### [What you need to do]
Please retype the data below exactly, stopping after the line with "<p>Сам читаю по" and skipping every picture.

### [Supplied material]
§ §
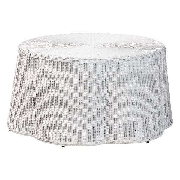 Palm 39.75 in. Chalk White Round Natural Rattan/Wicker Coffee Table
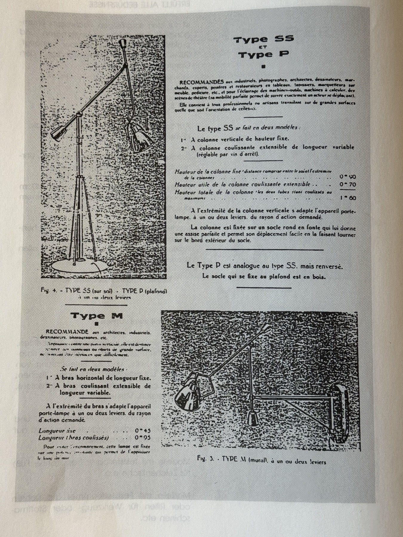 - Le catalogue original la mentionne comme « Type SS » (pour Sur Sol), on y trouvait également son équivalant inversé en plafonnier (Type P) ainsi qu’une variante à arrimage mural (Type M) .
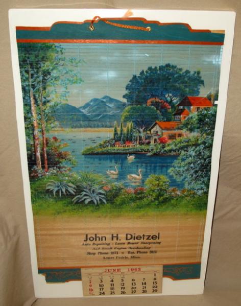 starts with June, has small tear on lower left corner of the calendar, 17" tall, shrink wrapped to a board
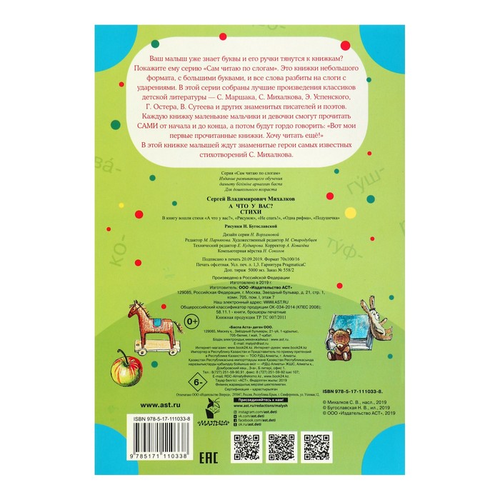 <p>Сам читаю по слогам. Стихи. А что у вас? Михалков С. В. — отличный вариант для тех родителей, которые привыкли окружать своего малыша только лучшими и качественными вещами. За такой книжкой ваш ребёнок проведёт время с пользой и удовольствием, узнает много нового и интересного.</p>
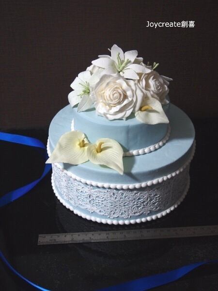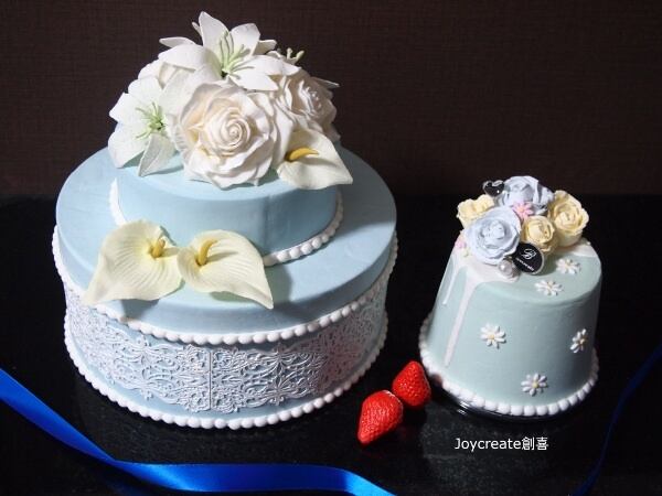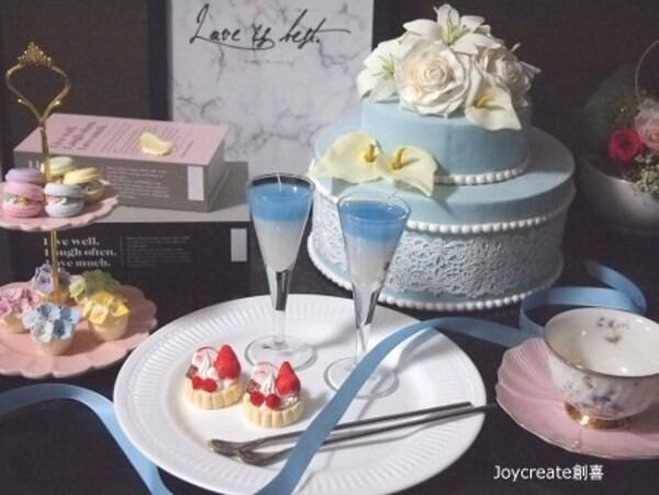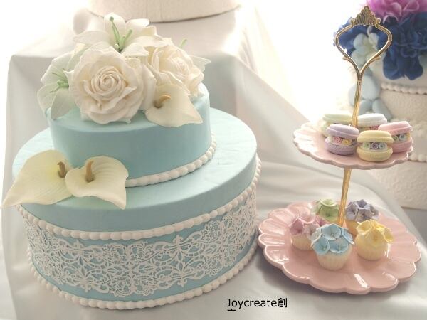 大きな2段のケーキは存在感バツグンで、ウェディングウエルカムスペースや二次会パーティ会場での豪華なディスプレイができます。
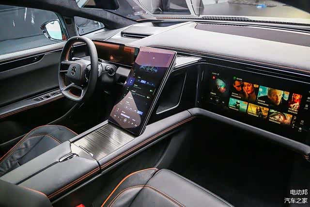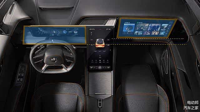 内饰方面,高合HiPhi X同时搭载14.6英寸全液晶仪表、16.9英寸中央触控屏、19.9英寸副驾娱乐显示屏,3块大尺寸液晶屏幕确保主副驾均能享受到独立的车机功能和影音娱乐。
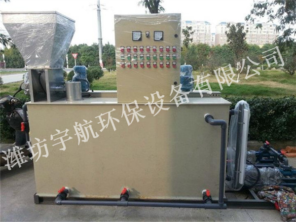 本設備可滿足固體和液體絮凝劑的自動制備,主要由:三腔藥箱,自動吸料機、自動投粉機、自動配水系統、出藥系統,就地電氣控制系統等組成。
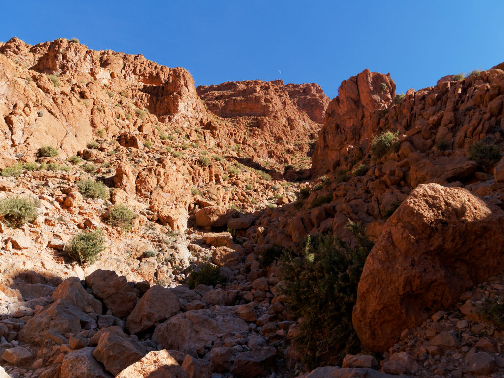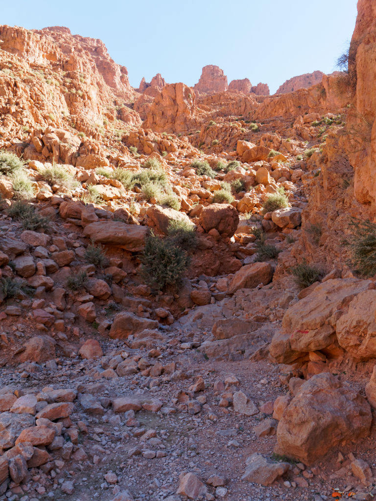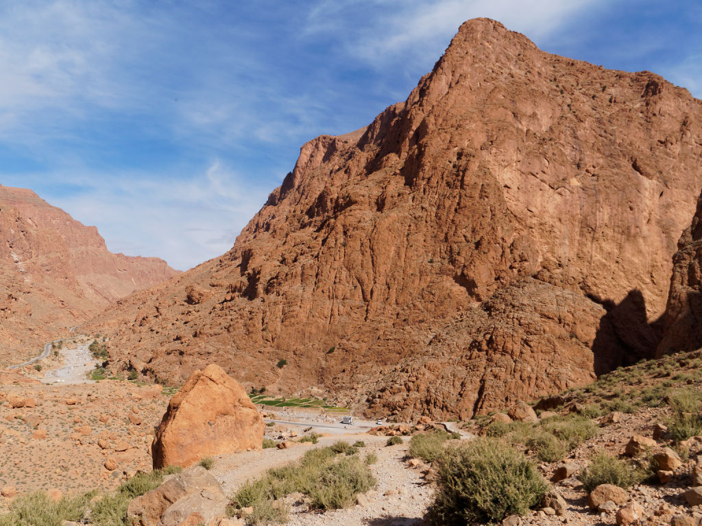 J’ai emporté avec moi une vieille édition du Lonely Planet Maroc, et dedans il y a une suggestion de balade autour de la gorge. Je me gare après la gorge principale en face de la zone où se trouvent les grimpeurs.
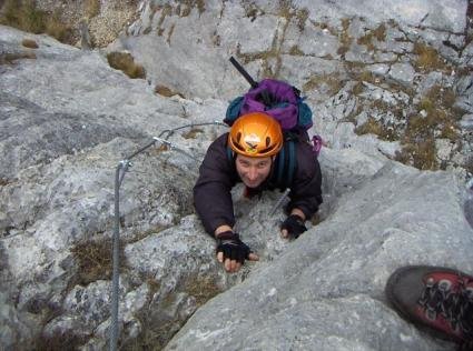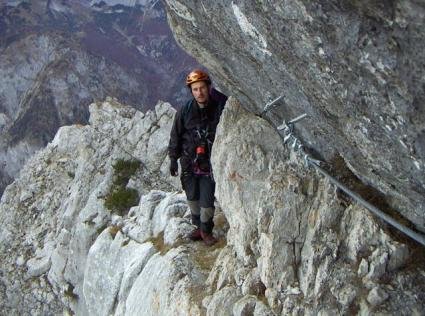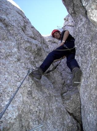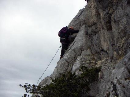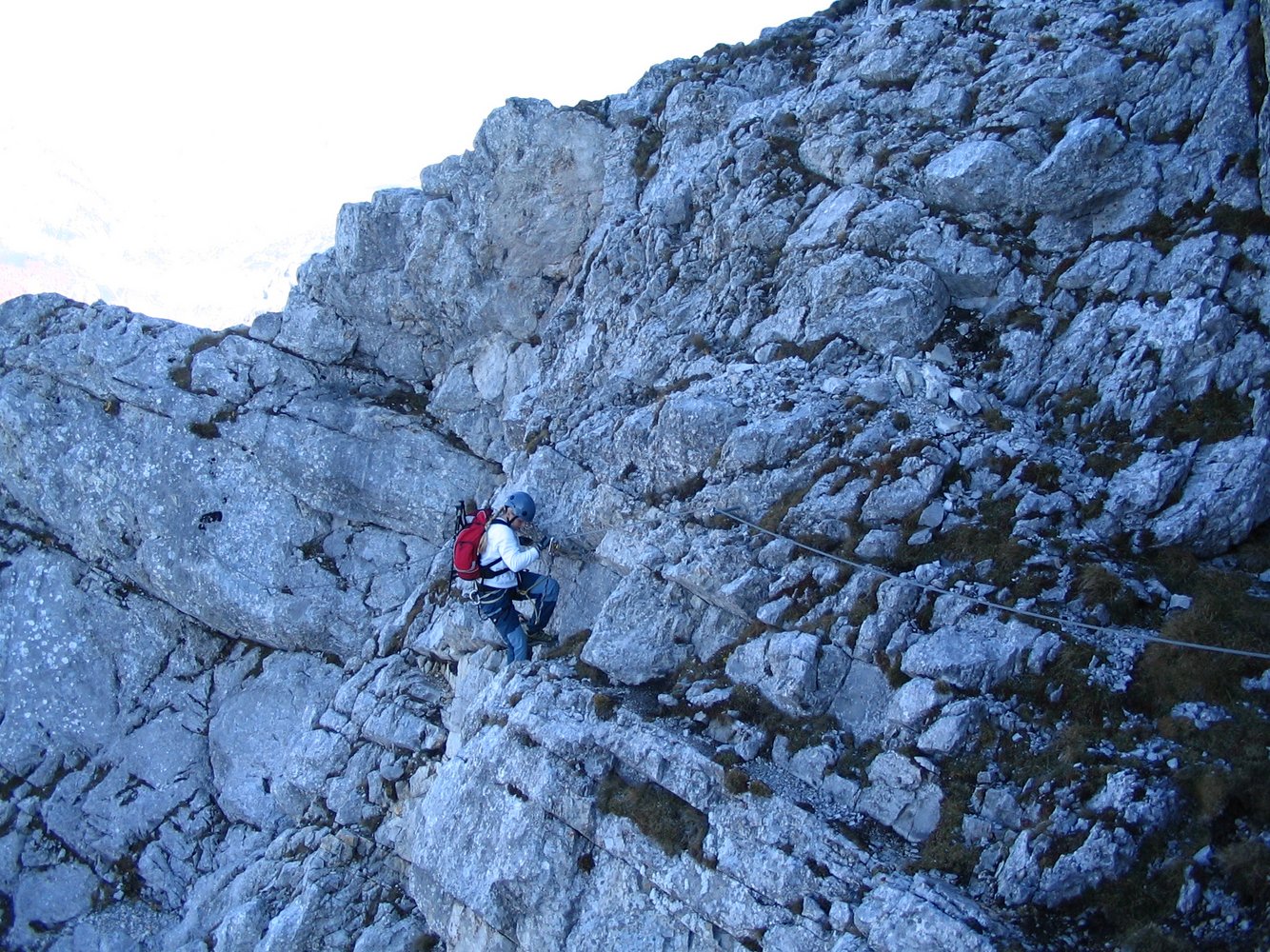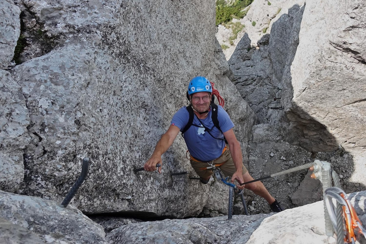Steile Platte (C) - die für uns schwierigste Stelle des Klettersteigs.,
§ §
### [Task response]
 Palm 39.75 in. Chalk White Round Natural Rattan/Wicker Coffee Table
 - Le catalogue original la mentionne comme « Type SS » (pour Sur Sol), on y trouvait également son équivalant inversé en plafonnier (Type P) ainsi qu’une variante à arrimage mural (Type M) .
 starts with June, has small tear on lower left corner of the calendar, 17" tall, shrink wrapped to a board
 <p>Сам читаю по слогам. Стихи. А что у вас? Михалков С. В. — отличный вариант для тех родителей, которые привыкли окружать своего малыша только лучшими и качественными вещами. За такой книжкой ваш ребёнок проведёт время с пользой и удовольствием, узнает много нового и интересного.</p>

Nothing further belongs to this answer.